Many of the instruments are based in reality, but others aren’t (most notably lasers which do background chords). My favorite is called “Pipe Dream”, which really appeals to the nerd in me; the whole instrumental setup is just so plausible (on one level) that you think that maybe it just might work in real life:

One Thing that appeals to me (since it’s so similar to my own business model) is Wayne’s distribution style — he’s pretty much doing it himself, selling off his web site.

“We send both U.S. and international orders out every day,” he tells me. “We have been overwhelmed by the enthusiastic responses we’ve been getting on a daily basis. The audience is so wide (brainy engineers, head-bangin’ musicians, 3-year-olds, grandparents…) this was a little unexpected, and of course quite welcome. Even so, getting the DVD physically in stores is something being seriously contemplated.”
Still, it’s the music — and its very compelling visualization — that make this worth mentioning. The attention to detail is incredible: the computer-rendered drum heads even have marks where the sticks have been hitting them for “so long”! It’s no wonder that, once they really got started working on this album, it took three years to complete it.

If you order this get the Special Edition DVD, not only because you’ll get the best quality, but it’ll satisfy the nerd in you to be able to hear Wayne describe what’s going on and what it took to get some of the effects on the audio commentary track. The DVD also has multiple “camera angles” and other features. Be sure to tell him This is True sent you. (No, I’m not getting a cut of sales — this is just one do-it-yourself content guy promoting another.)

September 15 Update

“WOW!” — That was the response of Wayne Lytle, the guy behind the “Animusic” video I told you about last week.

Last Tuesday you guys broke his one-day sales record! But it only lasted until Saturday, when the folks on the free distribution broke it again. And that only lasted until today, when the free edition people who read their issues at work weighed in.

Wayne and wife, blown away.

Wayne told me that “The order processing department (who I happen to be married to) came down to my office and said ‘OK, I’m officially freaked out now’.”

I’m pretty proud of the response, since each of the three days brought significantly bigger audiences than when Animusic was featured by CNN, TechTV, or animation industry magazines like 3D World.

May 12, 2005 Update

Three Years Ago I plugged another creative type working on a project on his own that just couldn’t be done by an individual: Wayne Lytle, a musician and Cornell-trained computer graphics artist. His project: “Animusic”.

Wayne writes fun music, then imagines what sort of instruments would play it (and the instruments do play themselves). He then computer-animates the instruments playing his music and sells the result on DVDs. It’s a major “wow” thing that had already appeared on TV and in magazines, yet when I plugged it in True’s Premium edition, the next day his sales hit a one-day record.

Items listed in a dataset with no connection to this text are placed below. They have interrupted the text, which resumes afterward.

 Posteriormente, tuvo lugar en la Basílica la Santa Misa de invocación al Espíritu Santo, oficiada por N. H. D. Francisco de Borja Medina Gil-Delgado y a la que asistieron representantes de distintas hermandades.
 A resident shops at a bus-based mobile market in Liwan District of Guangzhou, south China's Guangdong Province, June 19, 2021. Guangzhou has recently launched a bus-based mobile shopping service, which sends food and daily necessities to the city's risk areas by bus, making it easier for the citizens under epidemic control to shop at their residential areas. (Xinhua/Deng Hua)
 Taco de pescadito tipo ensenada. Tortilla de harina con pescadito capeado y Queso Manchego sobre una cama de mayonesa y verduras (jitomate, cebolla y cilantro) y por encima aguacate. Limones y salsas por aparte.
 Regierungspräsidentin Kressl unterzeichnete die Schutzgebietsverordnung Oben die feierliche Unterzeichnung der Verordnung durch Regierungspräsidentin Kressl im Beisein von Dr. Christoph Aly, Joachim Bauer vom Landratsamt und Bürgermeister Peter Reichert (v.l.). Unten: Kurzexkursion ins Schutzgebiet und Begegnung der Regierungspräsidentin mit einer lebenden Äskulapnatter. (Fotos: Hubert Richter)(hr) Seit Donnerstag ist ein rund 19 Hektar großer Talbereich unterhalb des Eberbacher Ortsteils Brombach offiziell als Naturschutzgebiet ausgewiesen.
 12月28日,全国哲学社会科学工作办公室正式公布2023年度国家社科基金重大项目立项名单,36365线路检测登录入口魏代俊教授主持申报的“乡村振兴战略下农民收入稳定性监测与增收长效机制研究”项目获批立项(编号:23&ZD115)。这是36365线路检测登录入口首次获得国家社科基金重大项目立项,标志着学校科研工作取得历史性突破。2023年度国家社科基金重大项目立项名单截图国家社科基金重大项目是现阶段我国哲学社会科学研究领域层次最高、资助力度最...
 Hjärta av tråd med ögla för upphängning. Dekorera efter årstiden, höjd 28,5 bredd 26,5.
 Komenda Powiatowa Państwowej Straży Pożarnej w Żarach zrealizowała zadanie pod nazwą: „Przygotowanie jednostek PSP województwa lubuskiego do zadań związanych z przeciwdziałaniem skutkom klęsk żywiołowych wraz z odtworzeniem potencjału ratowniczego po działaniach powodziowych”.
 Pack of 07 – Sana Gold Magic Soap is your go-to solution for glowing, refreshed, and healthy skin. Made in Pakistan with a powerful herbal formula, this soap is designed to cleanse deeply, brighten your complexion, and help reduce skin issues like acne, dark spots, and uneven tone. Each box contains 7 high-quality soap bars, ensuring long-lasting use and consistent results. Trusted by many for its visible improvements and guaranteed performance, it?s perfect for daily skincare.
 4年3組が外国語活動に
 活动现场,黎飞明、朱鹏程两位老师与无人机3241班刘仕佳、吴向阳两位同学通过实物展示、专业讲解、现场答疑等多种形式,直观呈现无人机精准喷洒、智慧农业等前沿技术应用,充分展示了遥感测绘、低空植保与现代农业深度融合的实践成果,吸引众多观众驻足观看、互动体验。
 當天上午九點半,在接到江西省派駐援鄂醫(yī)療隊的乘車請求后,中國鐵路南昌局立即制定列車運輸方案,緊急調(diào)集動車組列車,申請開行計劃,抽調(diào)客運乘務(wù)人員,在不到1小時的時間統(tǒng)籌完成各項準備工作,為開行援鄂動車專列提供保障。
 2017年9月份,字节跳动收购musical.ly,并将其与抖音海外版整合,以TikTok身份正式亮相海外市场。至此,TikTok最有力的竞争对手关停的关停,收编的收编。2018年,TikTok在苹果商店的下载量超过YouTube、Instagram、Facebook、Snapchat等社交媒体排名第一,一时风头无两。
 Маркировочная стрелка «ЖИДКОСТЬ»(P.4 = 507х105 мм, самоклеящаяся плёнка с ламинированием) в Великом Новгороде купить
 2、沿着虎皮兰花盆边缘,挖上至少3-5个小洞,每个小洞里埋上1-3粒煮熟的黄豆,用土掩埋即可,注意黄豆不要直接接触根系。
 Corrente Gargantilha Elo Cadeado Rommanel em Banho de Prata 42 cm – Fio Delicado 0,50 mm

“Just wait,” I told him: “It hasn’t gone out to too many people yet” — the free edition crowd. The next Saturday he wrote to say the sales record was broken again. “Actually,” I said, “just wait: most don’t read it until Monday.” On Monday, sure enough, he wrote to say his one-day sales record was broken yet again. I’m not sure if True’s readers still hold his first, second, and third one-day sales record or not.

So why bring this up now? After three long years Wayne’s Animusic sequel is finally done. I recently got a preview copy, and it’s great.

This one has some excerpts from Mussorgsky’s “Pictures from an Exhibition” played by his imaginary instruments, and I find it the best of the disk. The first volume is a very, very hard act to follow, and frankly I like it better, but if you have that already, Volume 2 is a worthy follow-on. If you only get one, get Volume 1 (and be sure to get the “Special Edition” — it has more stuff than the original).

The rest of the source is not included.